**RECORD SET:**
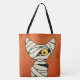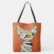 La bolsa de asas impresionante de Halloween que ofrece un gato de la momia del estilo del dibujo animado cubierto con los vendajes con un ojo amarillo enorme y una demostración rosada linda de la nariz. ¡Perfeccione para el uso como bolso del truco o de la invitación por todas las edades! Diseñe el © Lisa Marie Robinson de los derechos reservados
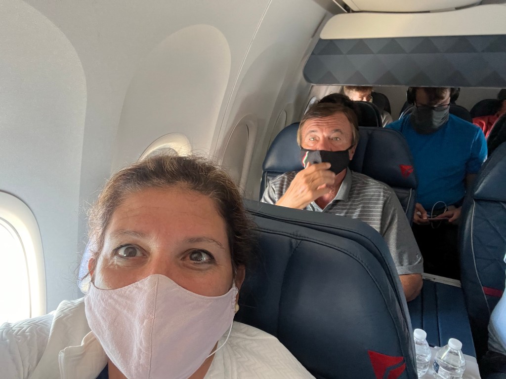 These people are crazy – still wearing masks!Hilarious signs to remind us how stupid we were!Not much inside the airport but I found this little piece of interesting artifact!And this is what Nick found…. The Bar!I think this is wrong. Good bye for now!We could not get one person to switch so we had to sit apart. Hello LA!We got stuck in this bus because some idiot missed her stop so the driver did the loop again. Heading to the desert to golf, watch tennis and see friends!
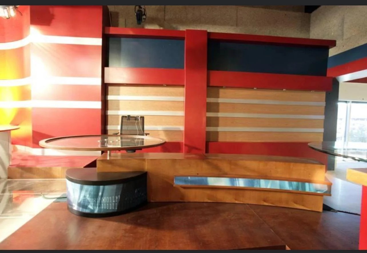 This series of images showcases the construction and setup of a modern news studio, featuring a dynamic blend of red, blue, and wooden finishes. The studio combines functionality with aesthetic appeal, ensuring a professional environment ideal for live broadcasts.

---

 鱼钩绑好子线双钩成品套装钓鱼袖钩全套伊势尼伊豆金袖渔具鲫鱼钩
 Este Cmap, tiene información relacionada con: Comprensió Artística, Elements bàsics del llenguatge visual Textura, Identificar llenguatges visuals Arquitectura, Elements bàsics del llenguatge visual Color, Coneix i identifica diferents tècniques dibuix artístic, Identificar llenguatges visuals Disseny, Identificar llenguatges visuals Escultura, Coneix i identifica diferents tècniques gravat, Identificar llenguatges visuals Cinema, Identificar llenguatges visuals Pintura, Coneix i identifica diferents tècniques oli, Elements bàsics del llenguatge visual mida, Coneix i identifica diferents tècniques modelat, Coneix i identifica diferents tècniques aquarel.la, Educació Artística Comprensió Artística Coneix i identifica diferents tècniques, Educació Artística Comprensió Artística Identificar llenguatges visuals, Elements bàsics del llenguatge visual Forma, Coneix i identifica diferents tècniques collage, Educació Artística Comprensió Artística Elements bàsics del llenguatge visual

--

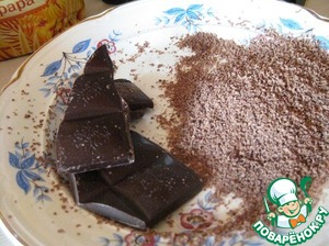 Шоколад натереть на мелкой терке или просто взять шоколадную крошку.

**ASSIGNED TASK:** Go to the line above holding "La bolsa de", then copy exactly each line down to and including the one holding "This series of", leaving pictures out.

**TASK SOLUTION:**
 La bolsa de asas impresionante de Halloween que ofrece un gato de la momia del estilo del dibujo animado cubierto con los vendajes con un ojo amarillo enorme y una demostración rosada linda de la nariz. ¡Perfeccione para el uso como bolso del truco o de la invitación por todas las edades! Diseñe el © Lisa Marie Robinson de los derechos reservados
 These people are crazy – still wearing masks!Hilarious signs to remind us how stupid we were!Not much inside the airport but I found this little piece of interesting artifact!And this is what Nick found…. The Bar!I think this is wrong. Good bye for now!We could not get one person to switch so we had to sit apart. Hello LA!We got stuck in this bus because some idiot missed her stop so the driver did the loop again. Heading to the desert to golf, watch tennis and see friends!
 This series of images showcases the construction and setup of a modern news studio, featuring a dynamic blend of red, blue, and wooden finishes. The studio combines functionality with aesthetic appeal, ensuring a professional environment ideal for live broadcasts.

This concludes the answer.